Data
== Segment start ==

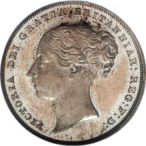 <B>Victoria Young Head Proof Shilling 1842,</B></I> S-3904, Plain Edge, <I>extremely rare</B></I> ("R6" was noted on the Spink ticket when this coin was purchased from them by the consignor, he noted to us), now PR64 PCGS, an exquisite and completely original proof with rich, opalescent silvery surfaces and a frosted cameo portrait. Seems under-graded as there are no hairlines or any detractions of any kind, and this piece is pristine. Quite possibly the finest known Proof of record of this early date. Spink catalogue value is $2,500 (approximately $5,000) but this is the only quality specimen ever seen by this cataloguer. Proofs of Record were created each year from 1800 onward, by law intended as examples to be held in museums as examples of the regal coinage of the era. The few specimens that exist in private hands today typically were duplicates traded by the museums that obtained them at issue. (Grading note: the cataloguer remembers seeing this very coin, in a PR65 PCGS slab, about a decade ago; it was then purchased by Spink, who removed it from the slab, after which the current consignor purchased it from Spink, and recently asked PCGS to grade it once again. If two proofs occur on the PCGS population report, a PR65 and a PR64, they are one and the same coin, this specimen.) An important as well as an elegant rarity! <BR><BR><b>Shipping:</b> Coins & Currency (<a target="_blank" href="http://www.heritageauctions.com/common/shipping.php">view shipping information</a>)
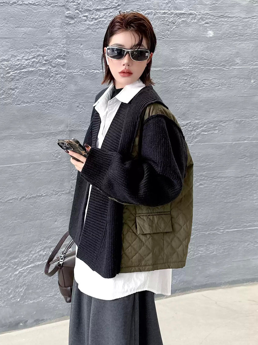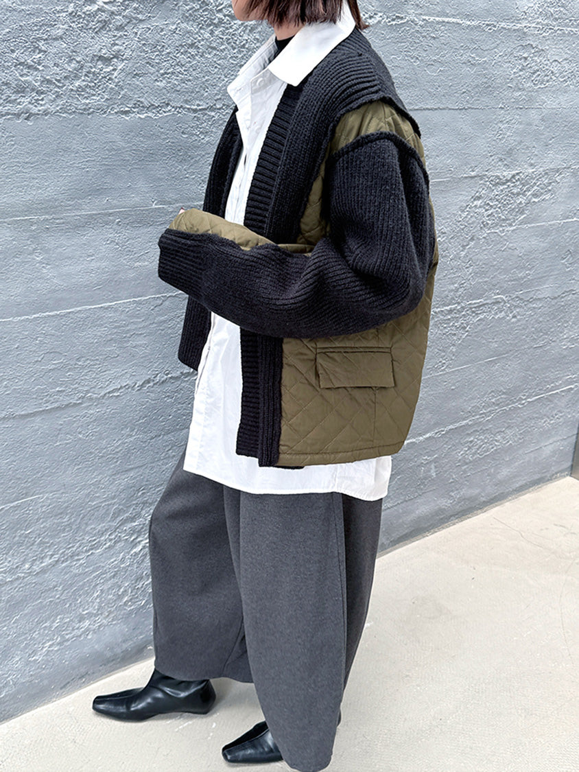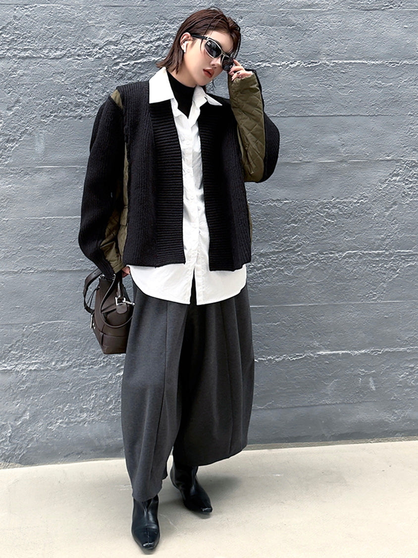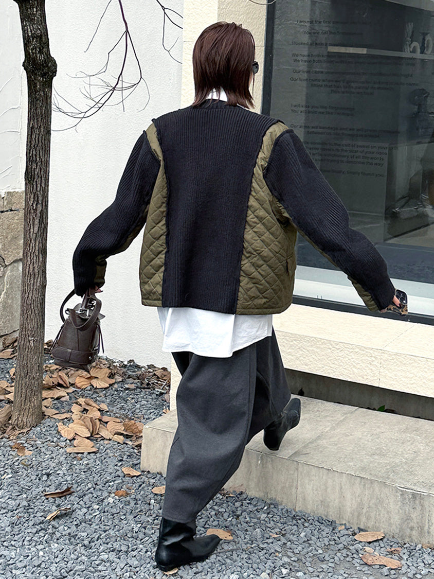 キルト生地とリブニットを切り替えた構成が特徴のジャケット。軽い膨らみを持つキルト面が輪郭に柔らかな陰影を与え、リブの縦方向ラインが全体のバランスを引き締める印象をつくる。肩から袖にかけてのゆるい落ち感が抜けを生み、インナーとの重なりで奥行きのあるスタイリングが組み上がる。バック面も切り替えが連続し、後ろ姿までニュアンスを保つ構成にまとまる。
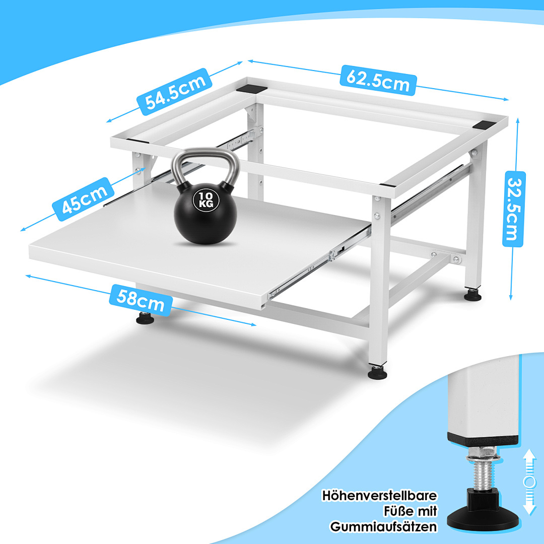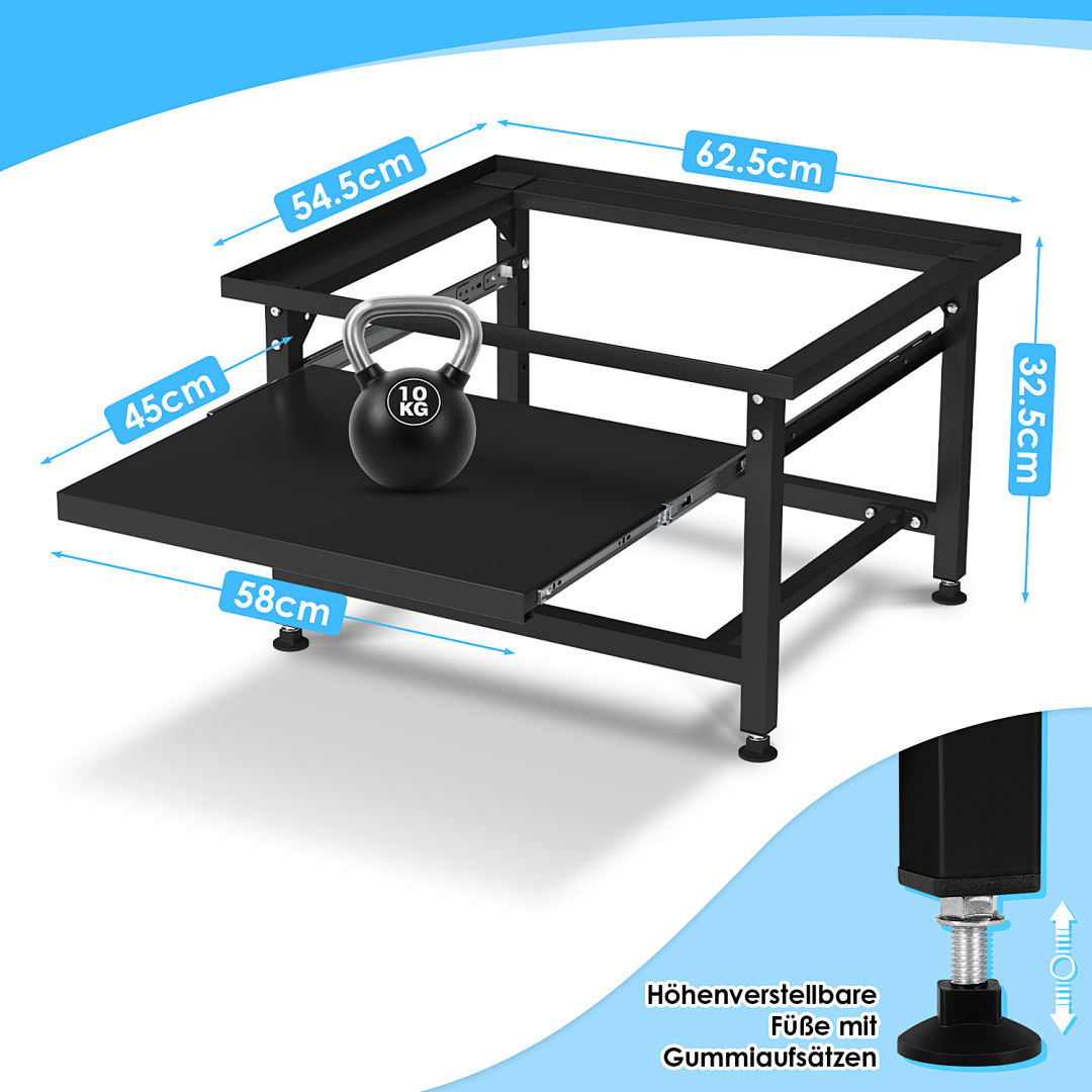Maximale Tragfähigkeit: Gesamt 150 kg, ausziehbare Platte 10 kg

== Segment end ==
== Segment start ==

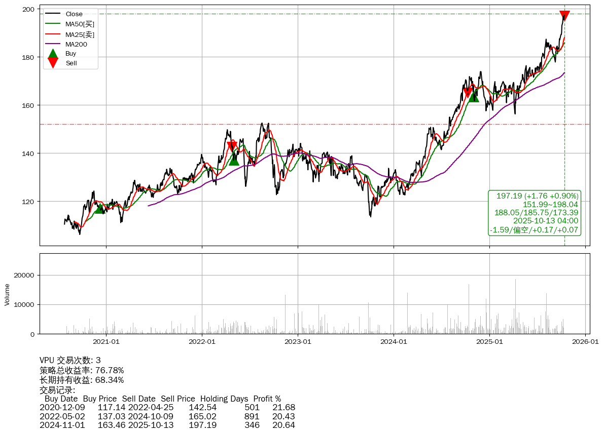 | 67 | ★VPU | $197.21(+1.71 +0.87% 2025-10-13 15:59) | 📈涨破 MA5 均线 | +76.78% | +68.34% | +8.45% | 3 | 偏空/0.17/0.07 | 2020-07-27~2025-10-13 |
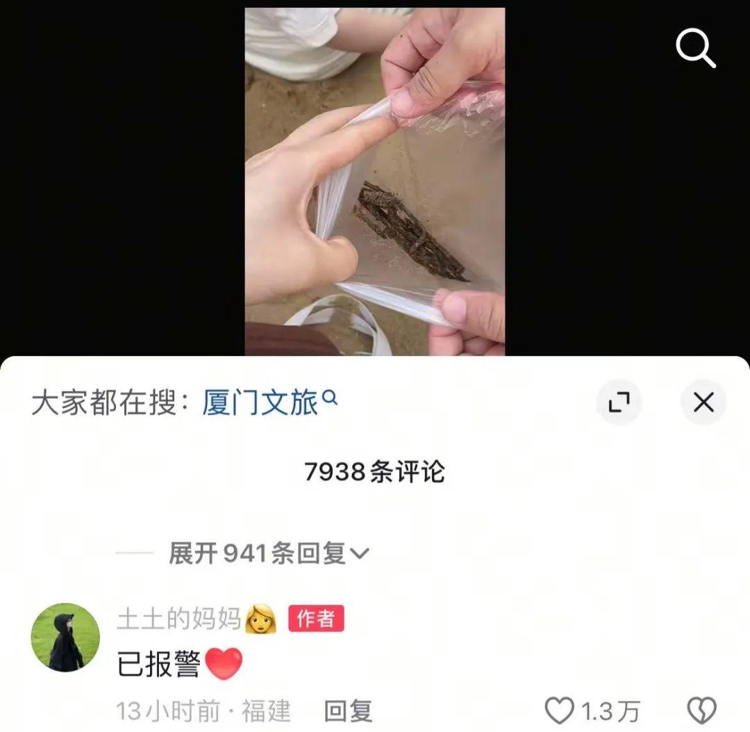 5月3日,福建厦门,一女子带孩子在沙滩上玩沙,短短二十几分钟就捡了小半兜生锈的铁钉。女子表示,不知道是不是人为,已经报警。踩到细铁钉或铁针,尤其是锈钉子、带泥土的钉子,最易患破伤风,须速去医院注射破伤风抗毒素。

== Segment end ==

What is required
Within the material above, find the part that opens with the line containing "キルト生地とリブニットを切り" and closes with the line containing "Maximale Tragfähigkeit: Gesamt", and reproduce it exactly without the pictures.

Result of this task
 キルト生地とリブニットを切り替えた構成が特徴のジャケット。軽い膨らみを持つキルト面が輪郭に柔らかな陰影を与え、リブの縦方向ラインが全体のバランスを引き締める印象をつくる。肩から袖にかけてのゆるい落ち感が抜けを生み、インナーとの重なりで奥行きのあるスタイリングが組み上がる。バック面も切り替えが連続し、後ろ姿までニュアンスを保つ構成にまとまる。
Maximale Tragfähigkeit: Gesamt 150 kg, ausziehbare Platte 10 kg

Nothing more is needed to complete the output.